Problem requirements
Look below for the line with "2. Take out" and the line with "The incident at"; repeat exactly those two lines and all lines between them, but no pictures.
── Task data
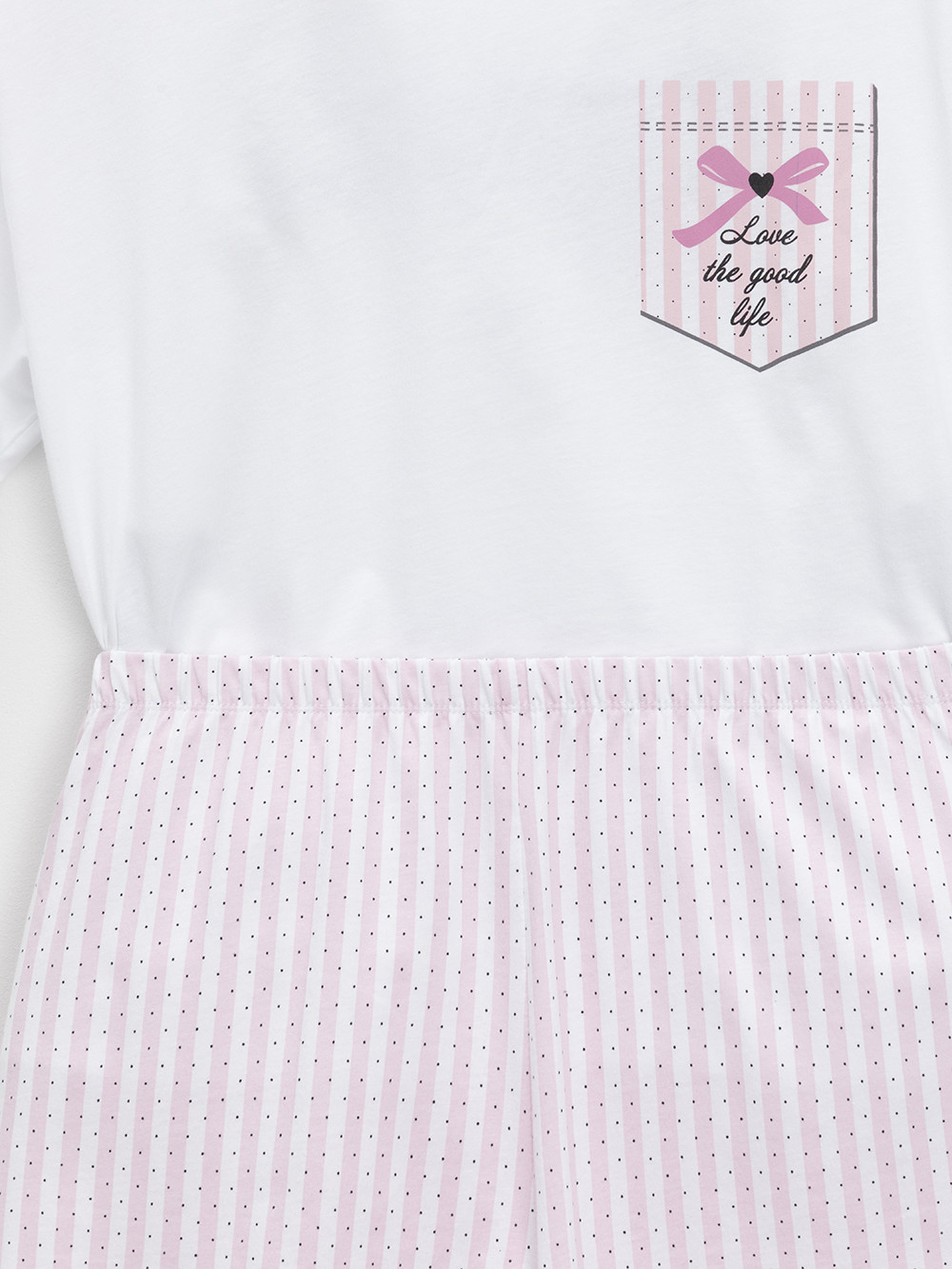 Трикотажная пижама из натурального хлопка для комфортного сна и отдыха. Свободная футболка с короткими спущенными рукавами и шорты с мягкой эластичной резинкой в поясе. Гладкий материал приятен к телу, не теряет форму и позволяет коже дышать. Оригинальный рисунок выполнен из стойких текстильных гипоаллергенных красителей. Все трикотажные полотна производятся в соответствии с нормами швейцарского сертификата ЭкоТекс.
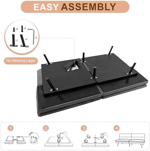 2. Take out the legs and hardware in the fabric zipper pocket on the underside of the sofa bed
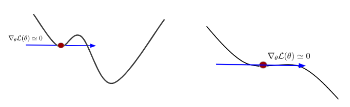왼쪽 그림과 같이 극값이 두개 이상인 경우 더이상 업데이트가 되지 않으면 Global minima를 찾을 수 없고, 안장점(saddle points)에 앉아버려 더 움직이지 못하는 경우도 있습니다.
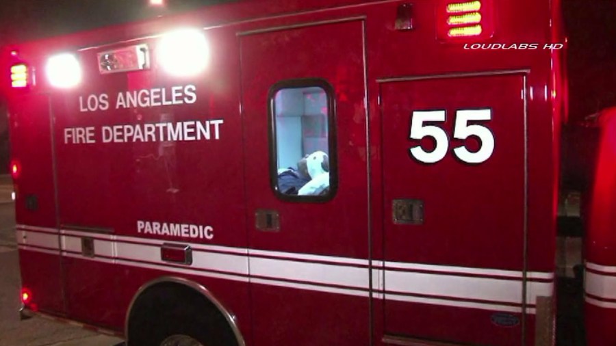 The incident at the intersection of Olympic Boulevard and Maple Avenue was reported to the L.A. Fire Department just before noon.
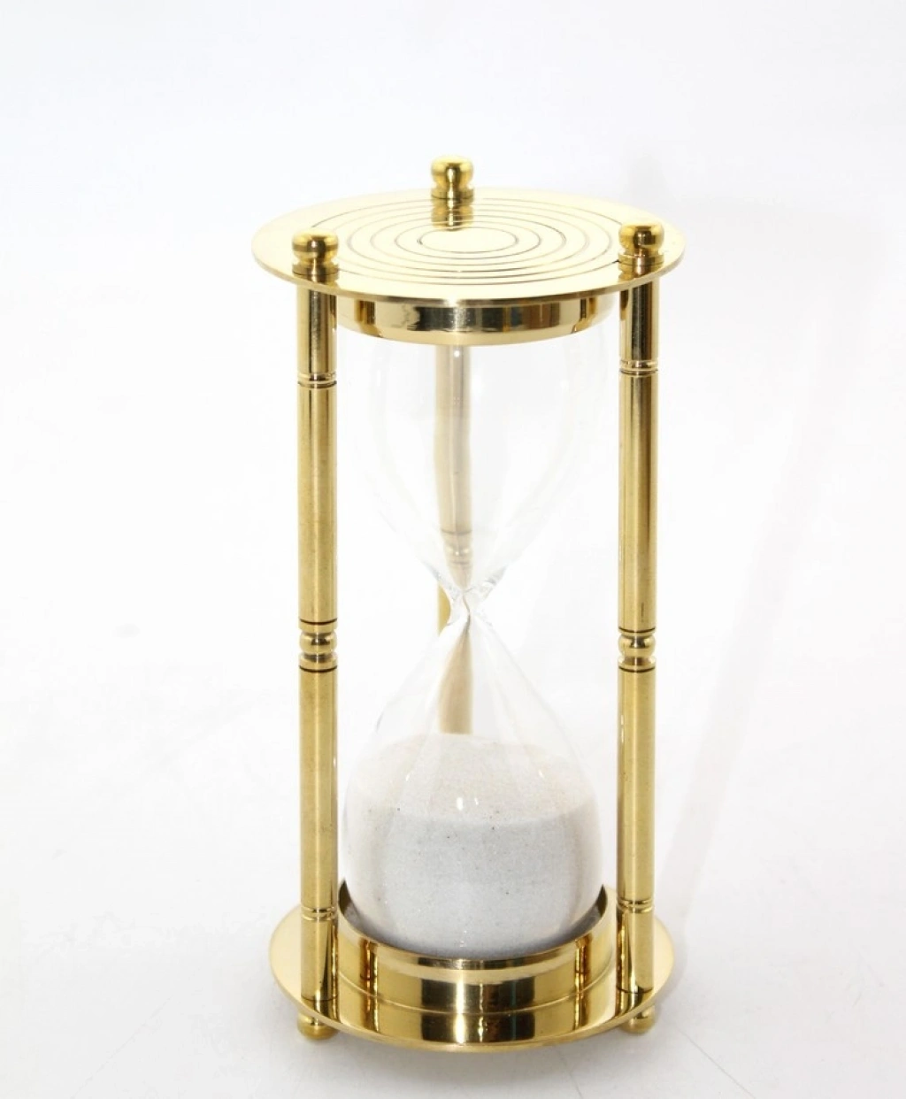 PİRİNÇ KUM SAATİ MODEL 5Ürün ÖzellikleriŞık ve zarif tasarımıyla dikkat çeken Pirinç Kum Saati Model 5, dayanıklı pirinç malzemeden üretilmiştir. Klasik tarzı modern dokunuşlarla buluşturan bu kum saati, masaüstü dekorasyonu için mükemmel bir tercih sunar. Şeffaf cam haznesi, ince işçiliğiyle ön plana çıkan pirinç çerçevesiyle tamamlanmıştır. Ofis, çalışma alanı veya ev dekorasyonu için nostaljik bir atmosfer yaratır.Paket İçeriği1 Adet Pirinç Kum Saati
────
── Task data
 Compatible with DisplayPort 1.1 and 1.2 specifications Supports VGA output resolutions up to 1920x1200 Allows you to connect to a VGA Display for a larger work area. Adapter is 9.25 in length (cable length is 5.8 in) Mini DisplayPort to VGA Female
────
Answer for the task
 2. Take out the legs and hardware in the fabric zipper pocket on the underside of the sofa bed
왼쪽 그림과 같이 극값이 두개 이상인 경우 더이상 업데이트가 되지 않으면 Global minima를 찾을 수 없고, 안장점(saddle points)에 앉아버려 더 움직이지 못하는 경우도 있습니다.
 The incident at the intersection of Olympic Boulevard and Maple Avenue was reported to the L.A. Fire Department just before noon.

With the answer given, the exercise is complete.